◆ WORK INSTRUCTIONS ◆
A word-for-word transcription of the listing is all that is needed.

________________________

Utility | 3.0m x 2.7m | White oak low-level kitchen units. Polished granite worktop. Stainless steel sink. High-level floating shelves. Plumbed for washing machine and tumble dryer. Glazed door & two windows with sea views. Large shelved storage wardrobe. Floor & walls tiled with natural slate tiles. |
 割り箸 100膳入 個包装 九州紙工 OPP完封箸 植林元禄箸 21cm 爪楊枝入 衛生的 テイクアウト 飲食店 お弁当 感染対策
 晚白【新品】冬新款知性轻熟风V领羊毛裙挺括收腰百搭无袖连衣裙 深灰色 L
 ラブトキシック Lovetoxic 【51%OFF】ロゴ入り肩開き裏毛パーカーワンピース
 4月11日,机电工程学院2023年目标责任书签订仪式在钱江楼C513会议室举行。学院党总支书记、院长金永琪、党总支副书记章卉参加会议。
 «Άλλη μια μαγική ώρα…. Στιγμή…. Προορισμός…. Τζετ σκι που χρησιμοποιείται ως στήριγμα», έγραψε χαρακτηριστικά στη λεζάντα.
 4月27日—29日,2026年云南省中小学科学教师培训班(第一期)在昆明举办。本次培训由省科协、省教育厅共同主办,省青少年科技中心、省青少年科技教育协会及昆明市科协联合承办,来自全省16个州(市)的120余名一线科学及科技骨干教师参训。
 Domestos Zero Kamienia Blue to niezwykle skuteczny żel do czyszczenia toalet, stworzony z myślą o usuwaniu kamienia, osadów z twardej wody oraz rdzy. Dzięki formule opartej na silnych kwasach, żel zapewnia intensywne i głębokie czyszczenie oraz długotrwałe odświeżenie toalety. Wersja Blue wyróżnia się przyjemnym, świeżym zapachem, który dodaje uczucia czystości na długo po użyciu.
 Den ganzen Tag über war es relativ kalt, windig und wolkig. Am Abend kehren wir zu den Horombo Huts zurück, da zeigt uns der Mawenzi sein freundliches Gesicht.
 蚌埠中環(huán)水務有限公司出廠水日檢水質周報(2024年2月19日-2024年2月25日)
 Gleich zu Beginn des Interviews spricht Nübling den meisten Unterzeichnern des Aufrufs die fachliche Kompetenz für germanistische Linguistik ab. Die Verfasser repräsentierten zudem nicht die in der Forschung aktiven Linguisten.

________________________

◆ OUTPUT ◆
Utility | 3.0m x 2.7m | White oak low-level kitchen units. Polished granite worktop. Stainless steel sink. High-level floating shelves. Plumbed for washing machine and tumble dryer. Glazed door & two windows with sea views. Large shelved storage wardrobe. Floor & walls tiled with natural slate tiles. |
 割り箸 100膳入 個包装 九州紙工 OPP完封箸 植林元禄箸 21cm 爪楊枝入 衛生的 テイクアウト 飲食店 お弁当 感染対策
 晚白【新品】冬新款知性轻熟风V领羊毛裙挺括收腰百搭无袖连衣裙 深灰色 L
 ラブトキシック Lovetoxic 【51%OFF】ロゴ入り肩開き裏毛パーカーワンピース
 4月11日,机电工程学院2023年目标责任书签订仪式在钱江楼C513会议室举行。学院党总支书记、院长金永琪、党总支副书记章卉参加会议。
 «Άλλη μια μαγική ώρα…. Στιγμή…. Προορισμός…. Τζετ σκι που χρησιμοποιείται ως στήριγμα», έγραψε χαρακτηριστικά στη λεζάντα.
 4月27日—29日,2026年云南省中小学科学教师培训班(第一期)在昆明举办。本次培训由省科协、省教育厅共同主办,省青少年科技中心、省青少年科技教育协会及昆明市科协联合承办,来自全省16个州(市)的120余名一线科学及科技骨干教师参训。
 Domestos Zero Kamienia Blue to niezwykle skuteczny żel do czyszczenia toalet, stworzony z myślą o usuwaniu kamienia, osadów z twardej wody oraz rdzy. Dzięki formule opartej na silnych kwasach, żel zapewnia intensywne i głębokie czyszczenie oraz długotrwałe odświeżenie toalety. Wersja Blue wyróżnia się przyjemnym, świeżym zapachem, który dodaje uczucia czystości na długo po użyciu.
 Den ganzen Tag über war es relativ kalt, windig und wolkig. Am Abend kehren wir zu den Horombo Huts zurück, da zeigt uns der Mawenzi sein freundliches Gesicht.
 蚌埠中環(huán)水務有限公司出廠水日檢水質周報(2024年2月19日-2024年2月25日)
 Gleich zu Beginn des Interviews spricht Nübling den meisten Unterzeichnern des Aufrufs die fachliche Kompetenz für germanistische Linguistik ab. Die Verfasser repräsentierten zudem nicht die in der Forschung aktiven Linguisten.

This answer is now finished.